Vishal was elected as the General Secretary of the Nadigar Sangam in October 2015 after initiating a movement against the previous committee. He was expelled from Tamil Film Producers' Council (TFPC) for remarks against the council. Later in April 2017, he won the election as President of Tamil Film Producers Council.

Early life and education
Vishal Krishna Reddy was born on 29 August 1977 into a Telugu family in Chennai, Tamil Nadu. His father GK Reddy is a businessman and a film producer for Telugu and Tamil films. His elder brother Vikram Krishna is also an actor and producer who has produced several of Vishal's films. 

Vishal did his schooling at Don Bosco Matriculation Higher Secondary School, Chennai. He was then graduated in visual communications from the Loyola College, Chennai.

Acting career

2004–2011 
Vishal assisted actor-director Arjun Sarja in his venture Vedham (2001), and a producer spotted Vishal on the sets of the film and signed him to appear in an acting role in Gandhi Krishna's Chellamae (2004). Accepting the role, Vishal prepared by joining Koothu-P-Pattarai to hone his acting skills and played the protagonist role of Raghunandan, whose wife is kidnapped by her childhood friend. A critic described his performance is "apt" but "there was plenty left to hone". His next film was Sandakozhi (2005) with N. Linguswamy, who had previously worked with his father's production house as an assistant director. Vishal was described to have "improved from his Chellamae days" and "clicked as an action hero". Film journalists stated that he was "the fastest rising action hero" of the time. After a cameo as himself in Sasi's Dishyum (2006), he went on to appear in Tarun Gopi's action film Thimiru (2006). The film opened to mixed reviews with Vishal being praised for his intense performance with a critic calling his performance "the film's only strength and, to an extent, making up for the weak script and poor characterisation". The film became Vishal's third consecutive commercial success, and he began to emerge in Tamil films.

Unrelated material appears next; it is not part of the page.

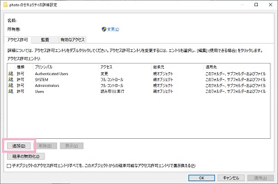 アクセス権の所有者情報がおかしくなっていたり、勝手に変更されて解除されている場合があるため、アクセス権を与えてアクセス許可状態にする必要があります。

His next film, the political action drama Sivappathigaram (2006), directed by Karu Pazhaniappan was a failure financially despite favourable reviews. His next film was released in January 2007, Hari's multi-starring family action drama Thaamirabharani (2007) and the film went on to gain considerable box office success, carrying good reports amidst other big budget releases. Later in the year, he appeared in Boopathy Pandian's Malaikottai (2007), a comedy entertainer. In his first full-length comic role, Vishal received mixed feedback for his portrayal from critics, with Rediff stating that he is "a far cry from the rather endearing young man in Sandakozhi", whilst describing his performance as "cringe-able". Behindwoods stated it as an "Average masala-mix entertainer". The film took a large opening and was declared a blockbuster, featuring in the top 10 at behindwoods box office. In the year 2008, for the first time, Vishal portrayed a police officer in Sathyam, which became a commercial failure at the box office. Then both his films Thoranai (2009) and Theeradha Vilaiyattu Pillai (2010) were just average grossers. Additionally, the box-office duds, Sathyam and Thoranai, both of which were bilingual in Tamil and Telugu, failed to establish his popularity in Telugu cinema.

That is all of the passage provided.